Material provided >>
# # #

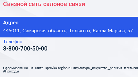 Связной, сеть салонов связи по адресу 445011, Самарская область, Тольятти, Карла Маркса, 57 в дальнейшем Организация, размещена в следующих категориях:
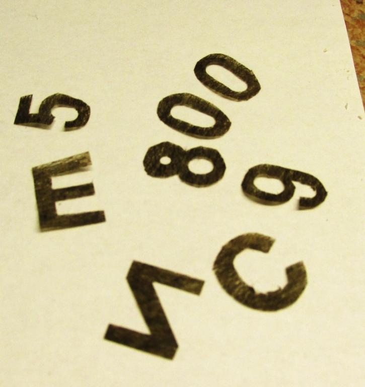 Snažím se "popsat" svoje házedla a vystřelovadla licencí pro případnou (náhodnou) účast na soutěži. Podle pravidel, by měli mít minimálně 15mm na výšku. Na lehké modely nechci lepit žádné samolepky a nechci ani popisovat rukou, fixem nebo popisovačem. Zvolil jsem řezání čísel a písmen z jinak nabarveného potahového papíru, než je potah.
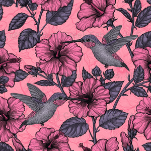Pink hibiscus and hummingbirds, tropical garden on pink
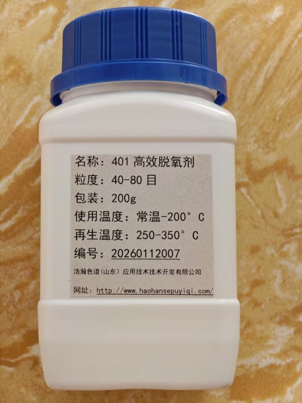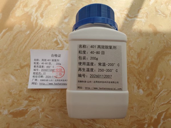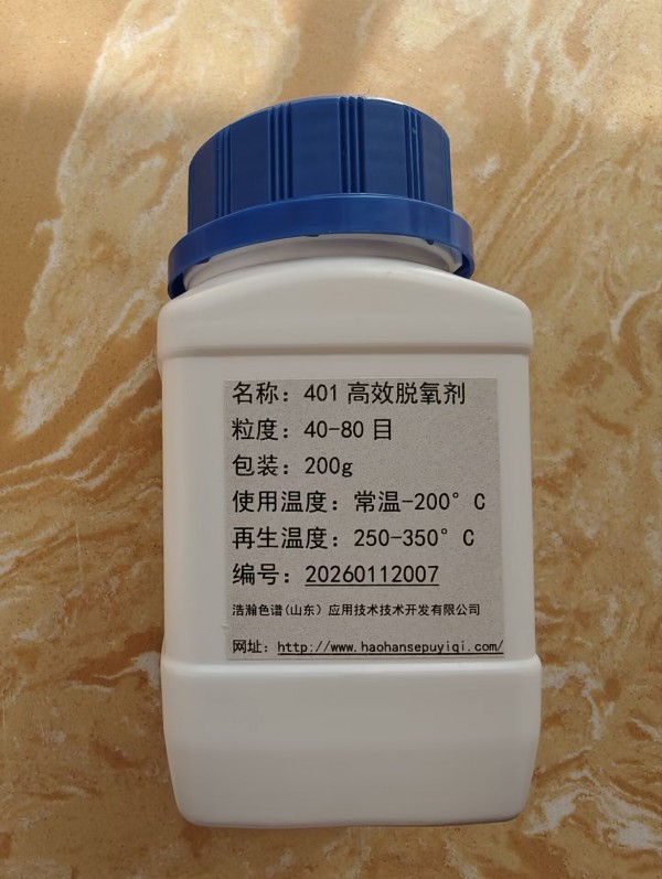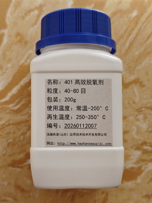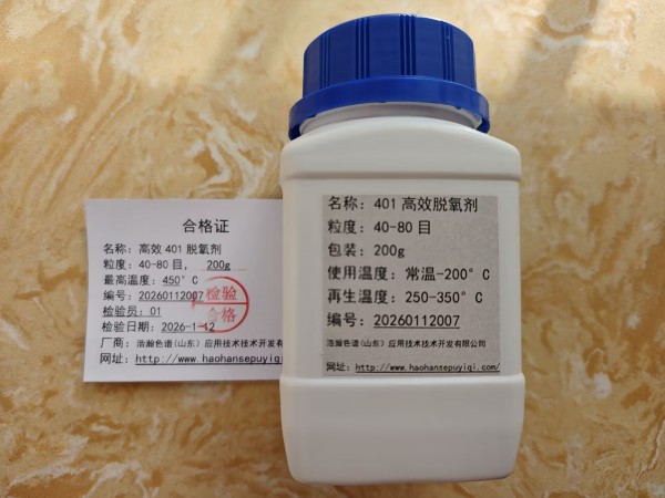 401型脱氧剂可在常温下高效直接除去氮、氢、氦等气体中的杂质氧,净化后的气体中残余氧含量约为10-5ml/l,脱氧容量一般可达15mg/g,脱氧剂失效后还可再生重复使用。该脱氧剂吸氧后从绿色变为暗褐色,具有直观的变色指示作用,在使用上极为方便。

# # #

Task directions >>
A verbatim copy of the material, pictures excluded, is what must be produced.

Task solution >>
 Связной, сеть салонов связи по адресу 445011, Самарская область, Тольятти, Карла Маркса, 57 в дальнейшем Организация, размещена в следующих категориях:
 Snažím se "popsat" svoje házedla a vystřelovadla licencí pro případnou (náhodnou) účast na soutěži. Podle pravidel, by měli mít minimálně 15mm na výšku. Na lehké modely nechci lepit žádné samolepky a nechci ani popisovat rukou, fixem nebo popisovačem. Zvolil jsem řezání čísel a písmen z jinak nabarveného potahového papíru, než je potah.
Pink hibiscus and hummingbirds, tropical garden on pink
 401型脱氧剂可在常温下高效直接除去氮、氢、氦等气体中的杂质氧,净化后的气体中残余氧含量约为10-5ml/l,脱氧容量一般可达15mg/g,脱氧剂失效后还可再生重复使用。该脱氧剂吸氧后从绿色变为暗褐色,具有直观的变色指示作用,在使用上极为方便。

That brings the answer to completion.